Task item
Pictures aside, every line of the listing should be given again exactly.

______

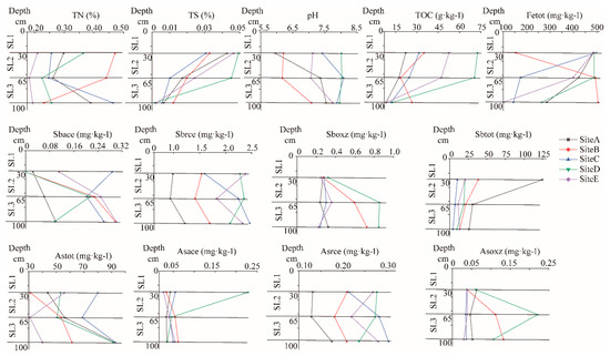 Vertical profiles of geochemical properties. Horizontal lines indicated three layers (SL1, SL2, and SL3) in paddy soil.
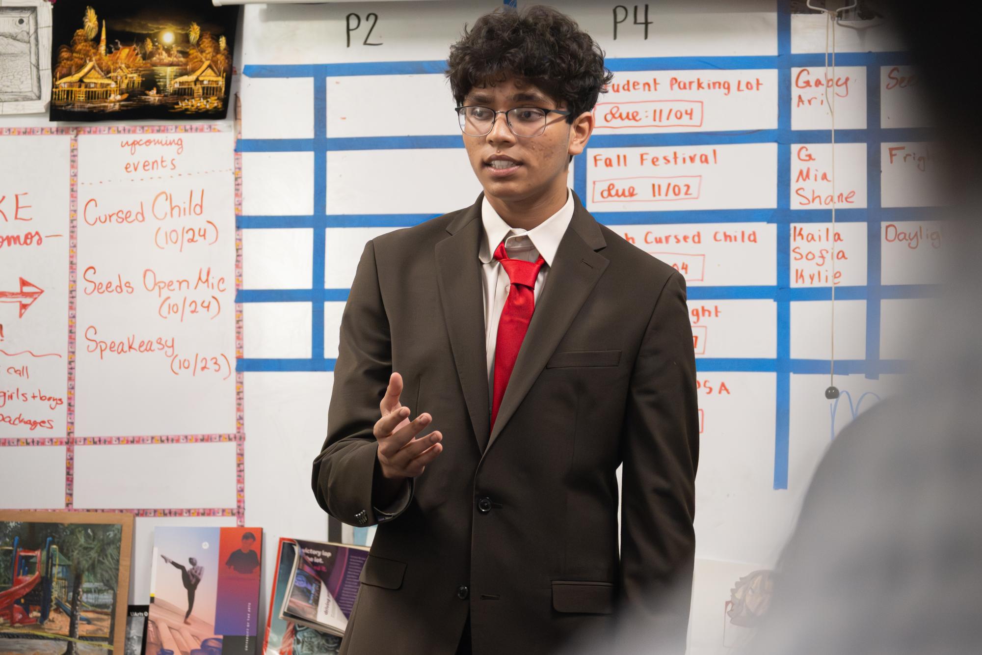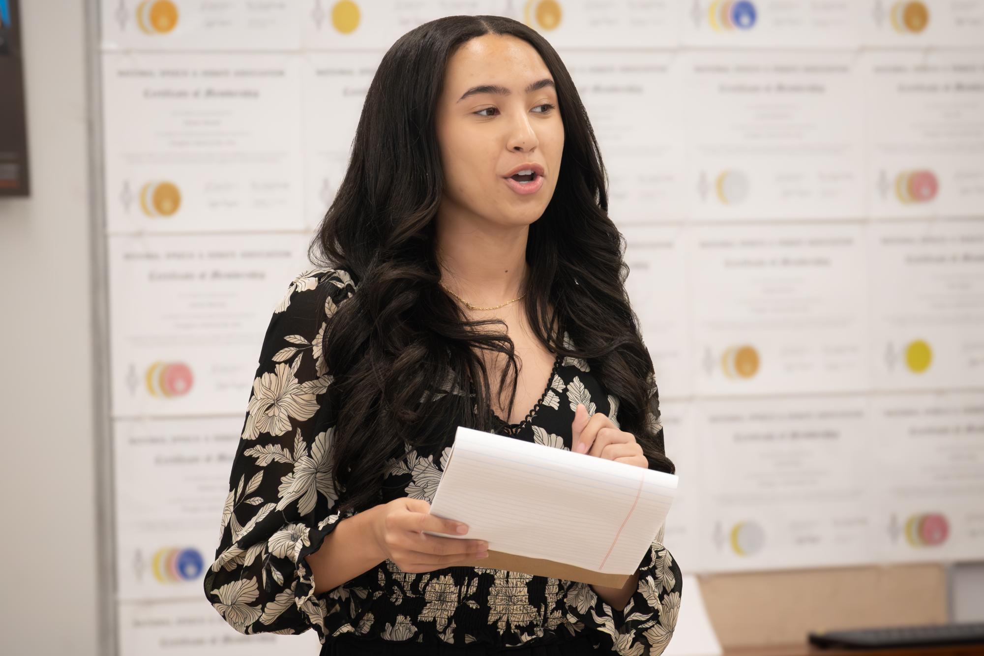 Presenting a deliberation over a bill concerning tuition costs for public universities, communications sophomore Grayson Murray responds to examination refuting his argument. “Speakeasy gives us (debate students) a great platform to showcase to our parents how Congress can be light-hearted and how our team is a community,” Murray said.
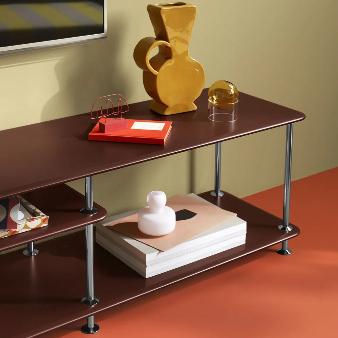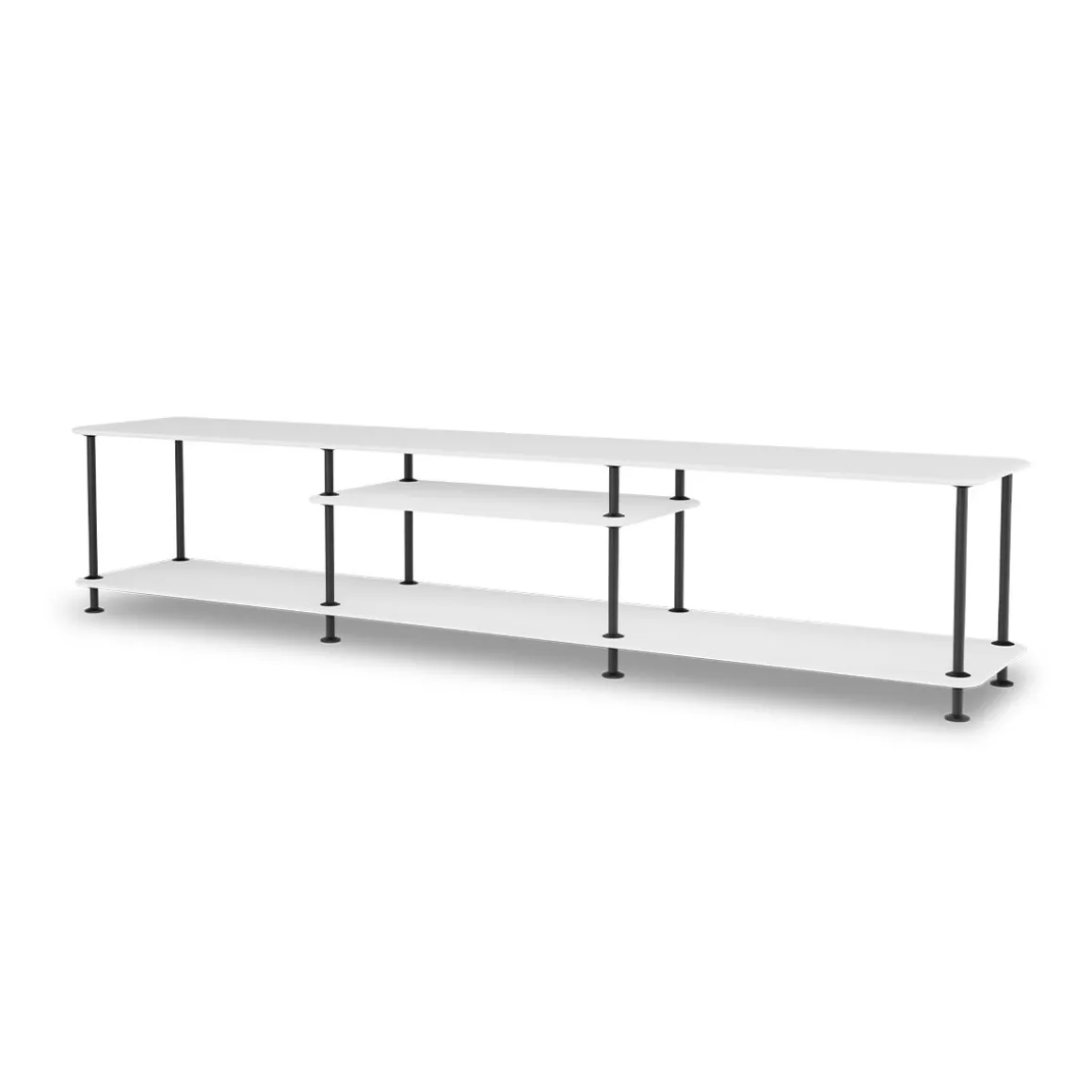 Cette étagère de présentation élégante et basse est parfaitement conçue pour s’adapter sous votre téléviseur ou pour servir de séparateur de pièce élégant. Sa conception polyvalente la rend adaptée à n’importe quelle pièce de votre maison où vous avez besoin à la fois de rangement et d’affichage.
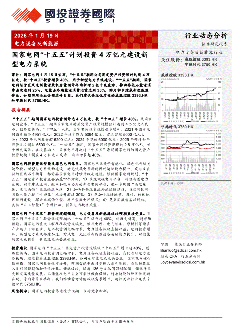 电力设备及新能源行业:国投证券国际-电力设备及新能源行业:国家电网“十五五”计划投资4万亿元建设新型电力系统-260119
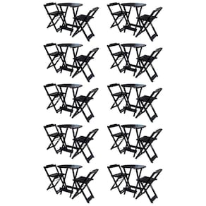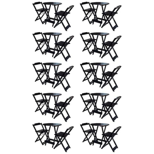 Kit 10 Jogos De Mesa Bistrô De Madeira Com 2 Cadeiras Dobravel Preto - Preto
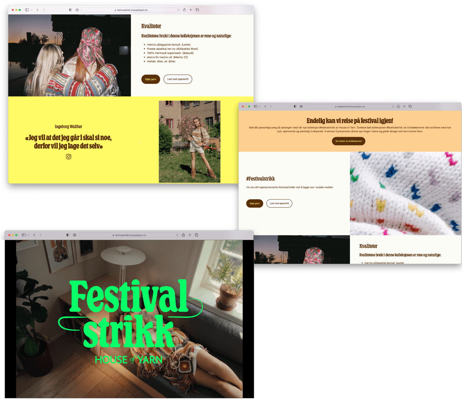 House of Yarn er Nordens ledende leverandør av håndstrikkegarn og tilbehør. Med kolleksjonen Festivalstrikk ønsker de å aktualisere håndstrikkegarn for en yngre målgruppe.
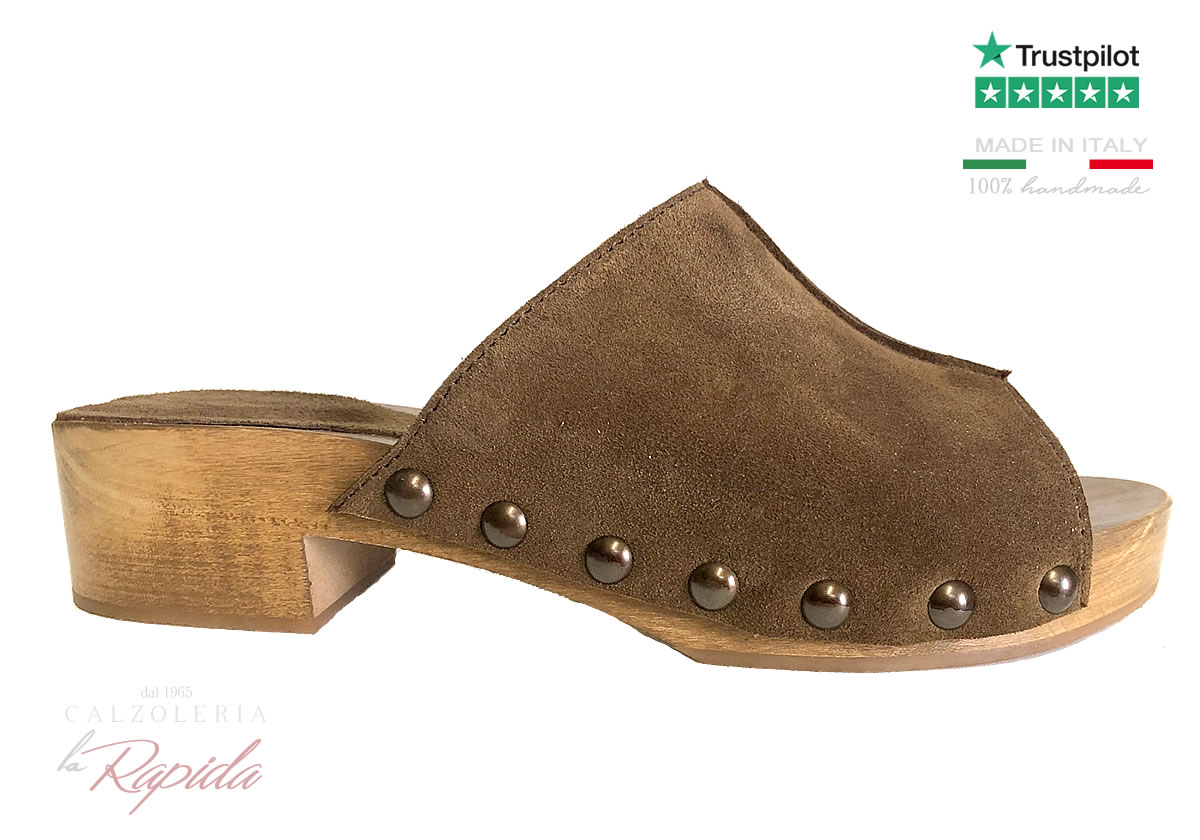 Zoccolo in scamosciato cognac con fascia avvolgente
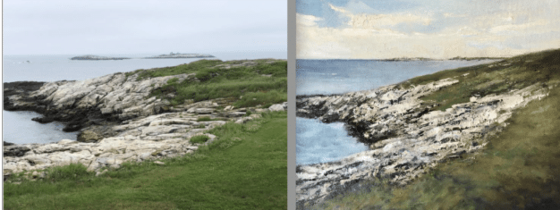 Even though the photo on the left was a decent one, the artist here made numerous changes, both obvious and subtle, to create the more dynamic (and textural!), less flat-feeling painting on the right. The editorializing largely has to do with temperature (what’s all cool in the photo gets areas of warmth in the painting) and tilting the picture plane toward the viewer – see in the grass in the lower right corner – while tilting it away in the upper right. These corner areas have also been darkened with shadows the artist has invented to discourage viewers from wandering too far away from the main event – the rocky shore at the center of the composition (an example of “the painting itself mattering more than copying what it’s a painting of.”

______

Exercise response
 Vertical profiles of geochemical properties. Horizontal lines indicated three layers (SL1, SL2, and SL3) in paddy soil.
 Presenting a deliberation over a bill concerning tuition costs for public universities, communications sophomore Grayson Murray responds to examination refuting his argument. “Speakeasy gives us (debate students) a great platform to showcase to our parents how Congress can be light-hearted and how our team is a community,” Murray said.
 Cette étagère de présentation élégante et basse est parfaitement conçue pour s’adapter sous votre téléviseur ou pour servir de séparateur de pièce élégant. Sa conception polyvalente la rend adaptée à n’importe quelle pièce de votre maison où vous avez besoin à la fois de rangement et d’affichage.
 电力设备及新能源行业:国投证券国际-电力设备及新能源行业:国家电网“十五五”计划投资4万亿元建设新型电力系统-260119
 Kit 10 Jogos De Mesa Bistrô De Madeira Com 2 Cadeiras Dobravel Preto - Preto
 House of Yarn er Nordens ledende leverandør av håndstrikkegarn og tilbehør. Med kolleksjonen Festivalstrikk ønsker de å aktualisere håndstrikkegarn for en yngre målgruppe.
 Zoccolo in scamosciato cognac con fascia avvolgente
 Even though the photo on the left was a decent one, the artist here made numerous changes, both obvious and subtle, to create the more dynamic (and textural!), less flat-feeling painting on the right. The editorializing largely has to do with temperature (what’s all cool in the photo gets areas of warmth in the painting) and tilting the picture plane toward the viewer – see in the grass in the lower right corner – while tilting it away in the upper right. These corner areas have also been darkened with shadows the artist has invented to discourage viewers from wandering too far away from the main event – the rocky shore at the center of the composition (an example of “the painting itself mattering more than copying what it’s a painting of.”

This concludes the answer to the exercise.